I have written to Madame de Olbe with the details of our journey.I will not repeat them here.I would really like to let you know all my weaknesses, but I have not the courage to tell you myself.Dear Walmart, this is my last mistake: but I feel like I've fixed it and I'm immensely proud of it, but it's only been a while so it's hard to admit of.You have repeatedly forgiven my confusion, how can you not forgive my remorse that I am ashamed to express? I am very glad that Mr. Edward has told me all.Dear friend, can I be of service to you?Shall I teach your children for you?Will the eldest teach the other two children?How eagerly I hope it does!I hope I am qualified for this precious job, and I will redouble my efforts to live up to your love for me!How many times have I ventured to express to Julie my eagerness to take up the job!I have often been very happy to interpret your words and hers as approval of my appointment!But although she appreciated my enthusiasm and seemed to approve of it, I found that she did not dare to speak to me formally about it.I feel that I must be worthy of this honor, not force it.Therefore, I am waiting for you and her to show me confidence and esteem.My hope is not wrong, my friends, please believe me, I will not live up to your expectations.

You know, after we've had a few conversations about your children's education, I've written a few thoughts based on the conversations that you've agreed with.Since I left, I have had some new considerations on this question, and I have summarized them into a complete set of educational methods. After I have thought about it carefully, I will tell you so that you can also think carefully.This matter can only be shown to you when we are in Rome, and I hope to complete it.This set of methods is continued after Julie’s education of children is over, or it is the continuation and development of Julie’s method, because its gist is to adapt the people created by nature to society, and at the same time to adapt to society. Protect his nature from dying out.

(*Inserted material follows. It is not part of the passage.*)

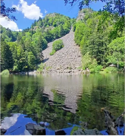 ou lac de Soultzeren, lac naturel à 1053 m. Sa coloration est due à la prolifération d’une algue

Because of your care and love, my sanity has been restored: I am healthy and free again, I feel loved by all I love, and a bright future is opening before me, and my future will be Bright, but my heart is doomed never to be at peace.As our trip drew to a close, I saw in it that my friend's trip was a matter of fate, and that I would, so to speak, decide whether it would succeed or fail.Can I do him at least once the kindness he has so often done for me?Am I capable of honorably performing the greatest and most important duties of my life?Dear Wal-Mart, I have your teachings in my heart, but if only I could act wisely like you!what!If only I could see Edward happy someday!If, according to his plan and yours, we shall all be together, what can I wish for?Only one wish remains, but this wish depends neither on you, nor on me, nor on anyone in the world, but only on the virtue of your wife will be rewarded, and quietly write down your God of good deeds.